**Exercise material:**
-*-

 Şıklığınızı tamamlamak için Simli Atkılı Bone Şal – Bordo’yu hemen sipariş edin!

-*-

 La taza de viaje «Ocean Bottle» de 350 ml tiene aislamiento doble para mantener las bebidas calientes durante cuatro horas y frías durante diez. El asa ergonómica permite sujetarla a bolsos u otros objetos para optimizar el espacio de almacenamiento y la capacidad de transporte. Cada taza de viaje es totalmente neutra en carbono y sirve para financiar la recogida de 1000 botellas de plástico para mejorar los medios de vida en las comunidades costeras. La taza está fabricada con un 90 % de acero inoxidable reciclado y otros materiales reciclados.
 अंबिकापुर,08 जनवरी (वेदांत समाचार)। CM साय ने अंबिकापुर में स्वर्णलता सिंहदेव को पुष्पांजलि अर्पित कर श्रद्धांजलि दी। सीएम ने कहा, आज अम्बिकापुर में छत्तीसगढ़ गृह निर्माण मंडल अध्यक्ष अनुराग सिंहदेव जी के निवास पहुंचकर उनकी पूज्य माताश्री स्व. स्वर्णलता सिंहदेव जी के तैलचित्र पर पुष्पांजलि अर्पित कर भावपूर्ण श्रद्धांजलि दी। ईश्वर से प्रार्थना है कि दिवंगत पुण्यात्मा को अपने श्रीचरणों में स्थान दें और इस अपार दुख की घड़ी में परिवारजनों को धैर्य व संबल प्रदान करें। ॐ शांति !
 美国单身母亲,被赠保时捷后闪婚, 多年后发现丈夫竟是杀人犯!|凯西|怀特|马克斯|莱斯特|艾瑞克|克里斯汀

-*-

**Task instructions:** Would you print exactly and only the lines of the material above that run from the line with "अंबिकापुर,08 जनवरी (वेदांत" through the line with "美国单身母亲,被赠保时捷后闪", both included?

**Response area:**
 अंबिकापुर,08 जनवरी (वेदांत समाचार)। CM साय ने अंबिकापुर में स्वर्णलता सिंहदेव को पुष्पांजलि अर्पित कर श्रद्धांजलि दी। सीएम ने कहा, आज अम्बिकापुर में छत्तीसगढ़ गृह निर्माण मंडल अध्यक्ष अनुराग सिंहदेव जी के निवास पहुंचकर उनकी पूज्य माताश्री स्व. स्वर्णलता सिंहदेव जी के तैलचित्र पर पुष्पांजलि अर्पित कर भावपूर्ण श्रद्धांजलि दी। ईश्वर से प्रार्थना है कि दिवंगत पुण्यात्मा को अपने श्रीचरणों में स्थान दें और इस अपार दुख की घड़ी में परिवारजनों को धैर्य व संबल प्रदान करें। ॐ शांति !
 美国单身母亲,被赠保时捷后闪婚, 多年后发现丈夫竟是杀人犯!|凯西|怀特|马克斯|莱斯特|艾瑞克|克里斯汀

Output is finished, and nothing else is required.